短期間のうちに集中して攻撃されるケースが多く見られます。狙われる業種の幅も広がっており「これまで狙われなかったから、これからも大丈夫」とは限らないかもしれません。
ECサイトのチャージバックへの意識は薄い……
セキュリティ問題に欠かせなくなりつつある「チャージバック」問題……EC企業はどの程度認識しているのでしょうか。サイバーソースがEC事業者に対して行ったオンラインリサーチの結果から、ECサイトの「チャージバック」への意識、被害状況、対策などをまとめてみます。
まず、「チャージバック」という言葉の存在を知っているEC事業者は40.7%にとどまり、知らないという人が半数以上を占めている現状がわかりました。
「直近1年で、何回チャージバックが発生したか」の質問には、32.1%が「チャージバックは発生していない」と回答。残りの約7割が「チャージバックが発生した」状況にあることがわかっている。
チャージバックの発生回数について
- 8回以上……7.1%
- 4~7回……17.9%
- 2~3回……18.9%
- 1回……25.0%
受注時点で不正な注文か否か見極めるのは難しい。チャージバックになった注文に怪しい点が見受けられたか、という質問も行っています。上位5項目は次の通り。この怪しい点を把握することで、自社のチェック体制に生かすことができそうだ。
チャージバックになった怪しい注文上位5つ
- 平均注文金額よりも高い金額の注文だった……42.9%
- 特段怪しい点は見受けられなかった……35.7%
- 転送サービスを利用していた……25.0%
- 短時間の内に複数回購入があった……21.4%
- 注文情報に意味不明な文字列などが含まれていた……14.8%
サイバーソースは怪しい注文について次のように説明しています。
一見怪しいと感じられない注文が後々チャージバックとなるケースも少なくありません。自社だけでなく他店での使用履歴参照や、受注時に自動判定できるような仕組みを設けることで、急な攻撃・巧妙な攻撃に対する対抗策となるかもしれません。
どんな対策が求められるのか
チャージバックが増加すると、カード会社から何かしらの不正対策を求められる可能性があります。では、ECサイト運営者はどのような不正利用対策を採用すればいいのでしょうか。
近年、導入が進んでいる「セキュリティコード」の利用、「3Dセキュア」について見てみます。
- セキュリティコードの利用
「セキュリティコード」はカード裏面の3桁(AMEXは表面4桁)を決済時に入力するもの。日本クレジットカード協会が定めるガイドラインでは、加盟店でのセキュリティコードの保持は禁止されているなど、漏えいリスクが低いとされています。セキュリティを1段アップする方法としておすすめしますが、カードがリアルの場で盗難されると悪用されてしまう可能性があります。 - 3Dセキュア
現在、不正利用時にEC事業者がチャージバックを負担しなくて済む方法があります。それは「3Dセキュア」の搭載です。各カードブランドにてカード会員が独自のIDとパスワードを設定し、決済完了前にIDとパスワードを入力することでセキュリティを担保する方法です。
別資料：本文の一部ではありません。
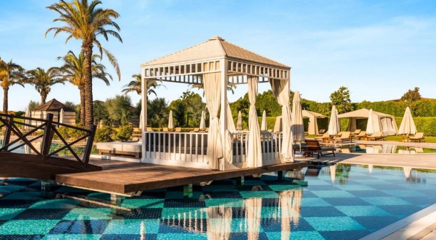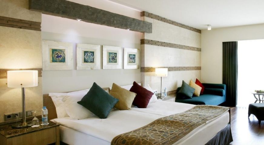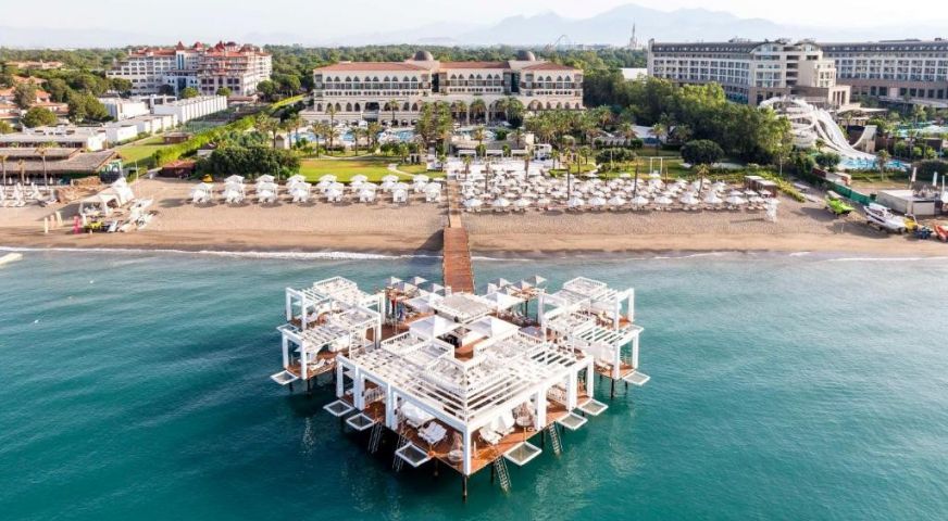На територията на хотела: Основен ресторант,4 ресторанта a la carte (азиатски, италиански, турски, грил-рибен – платено),4 бара,открит басейн,закрит басейн, лекарски кабинет,фризьорски салон,магазини,пералня,химическо чистене,бизнес център,Таласо & SPA център.
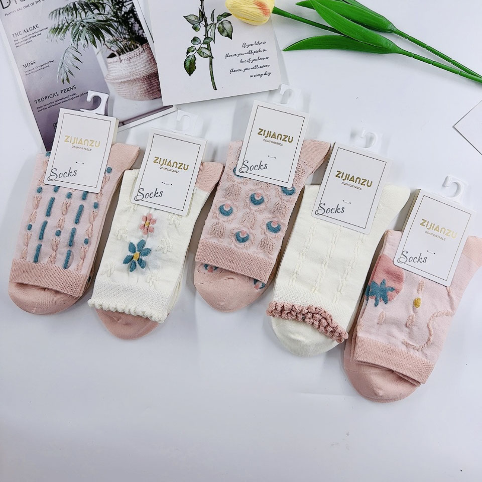 女棉袜*10 中筒 卡通 花纹
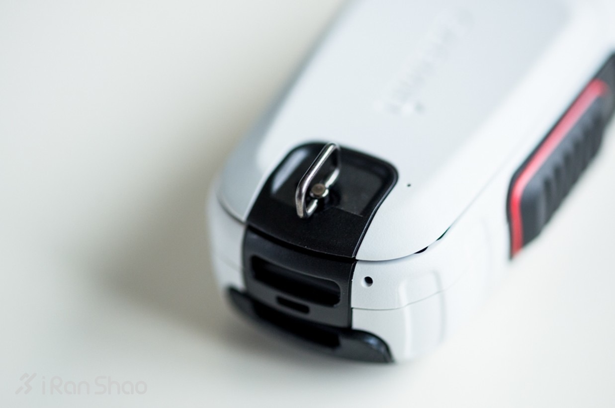 Virb的机身设计与我们通常印象中的运动摄录机似乎不太一样,有时候你或许会感觉这更像一台运动版的行车记录仪或是一个高科技的手电筒,粗纩的外表使的Virb本身就具有了基本的三防功能,无需配件裸机情况下就能轻易实现IPX7(水下一米30秒)的使用强度。

ただ、セキュリティコードに比べて普及が進んでいないのが実情。3DセキュアのIDとパスワード入力画面が表示されると購入ハードルが上がってしまいます。
何も対策していないが4割超
では、実際のEC事業者はどんな対策を施しているのでしょうか。「チャージバック防止のための対策」を施しているかサイバーソースがEC事業者に聞いたアンケートによると、43.2%が「特に仕組みを導入していない」と回答。20%台で「3Dセキュア」「自社内の受注審査」が続いています
チャージバックが増えると事業継続に関する問題に直結する可能性がある一方、不正利用対策を強固にすることは、サイト利用者にとって「買いにくいサイト」に映る、つまり購入のハードルが上がってしまうといった可能性があります。
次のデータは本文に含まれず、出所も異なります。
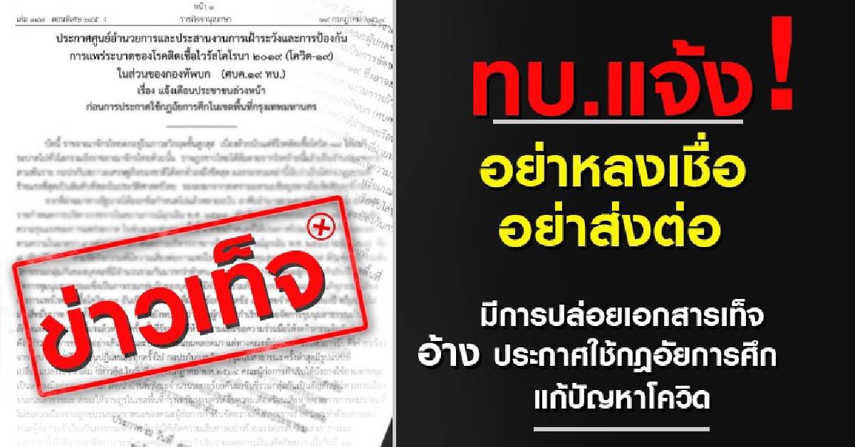 ผู้สื่อข่าวรายงานว่า ทีมโฆษกกองทัพบก ปฏิเสธข่าวการประกาศกฎอัยการศึก โดยมีสาระสำคัญว่า ด้วยในขณะนี้มีการจัดทำเอกสารเท็จและถูกปล่อยออกมาในโซเชียลมีเดีย อ้างว่าเป็นการแจ้งเตือนประชาชนล่วงหน้า ก่อนการประกาศใช้กฎอัยการศึกใน กทม. เพื่อป้องกันอันตรายจากการแพร่ระบาดของCOVID-19 ในราชอาณาจักร ประกาศโดย ศบค19ทบ. นั้น
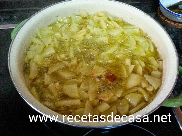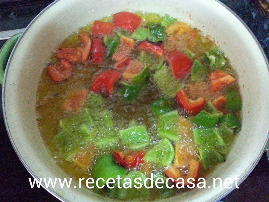 En el mismo aceite, freímos los pimientos cortados a cuadrados.
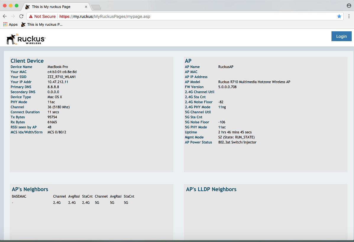 https://my.ruckus when connected over an Open or WEP WLAN, the diagnostic information is restricted for security reasons.

セキュリティの向上と売り上げアップはトレードオフの関係にある、といっても過言ではありません。
ただ、「セキュリティコード」「3Dセキュア」といった方法以外にも、注文データの監視といった不正検知などのサービスがあります。自社にとって何が最適なのか、改めて考えていきたいところ。
今回、取材に応じてくれたサイバーソースは次のように説明しています。
不正手口も日々進化しています。巧妙化すると、審査のための時間が長引いたり、チェックする注文件数が増加します。自社で常時カスタマイズ可能である仕組みがあると、効率的に対策できるかもしれません。
日本の不正取引率は海外に比べてとても低く比較的安全なマーケット環境と言われます。しかし、世界各国で対応が進むクレジットカードのEMV(ICチップ)化により、不正グループのターゲットは対面決済からECなどの非対面決済へ、またEMV対応が進んでいない国へ移りつつあります。
今後のカード取引/オンライン販売の拡大を見据えても、日本で不正利用件数が増加する可能性は否めません。そうなった時に、収益の確保と現場の業務負荷軽減のバランスがキーとなってきます。